Standard reduction potential

The standard reduction potential is a key concept in understanding how substances behave in electrochemical cells. It is the inherent potential of a half-reaction, measured in volts, under standard conditions, where all substances are at 1 M concentration, gases are at 1 atm pressure, and the temperature is typically set at 25°C.
Reduction potential represents the tendency of a chemical species to gain electrons and be reduced.
Substances with high positive values are more likely to gain electrons and thus act as oxidizing agents. Conversely, a negative standard reduction potential indicates a substance is prone to lose electrons, acting as a reducing agent.In the context of the given exercise, we use the standard reduction potential of silver ions \(\text{Ag}^+\), which informs us about its ability to be reduced to silver metal \(\text{Ag}(s)\). The given half-reaction being analyzed involves the combination of this standard reduction potential with the solubility product constant to calculate the potential under specific conditions. Understanding and applying the standard reduction potential is crucial for calculating the overall electrode potential in electrochemical reactions.

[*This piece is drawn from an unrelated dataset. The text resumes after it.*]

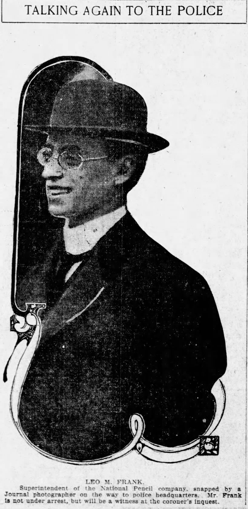 Leo M. Frank. Superintendent of the National Pencil company, snapped by a Journal photographer on the way to police headquarters. Mr. Frank is not under arrest, but will be a witness at the coroner's inquest.

Solubility product constant

The solubility product constant, \(K_{sp}\), is a fundamental concept in chemistry used to describe the equilibrium between a solid and its ions in a solution. \(K_{sp}\) signifies the extent to which a solid can dissolve in water, thereby indicating its solubility.
A small \(K_{sp}\) value suggests that the compound is poorly soluble, whereas a larger \(K_{sp}\) value demonstrates higher solubility. For instance, silver iodide \(\text{AgI}\) is known for its low solubility, reflected in its \(K_{sp}\) value.In the given half-reaction, the solubility product constant is used in conjunction with the standard reduction potential of \(\text{Ag}^+\) to determine the standard potential for the specific reaction:

• The equation for \(\text{AgI}(s) \rightarrow \text{Ag}^+(aq) + \text{I}^-(aq)\) involves \(K_{sp}\).
• This connects back to using the Nernst equation to find the electrode potential, where \(K_{sp}\) helps calculate the equilibrium constant \(K\).

Ultimately, comprehending \(K_{sp}\) allows students to predict and calculate solubility-driven reactions and their effect on electrochemical processes effectively.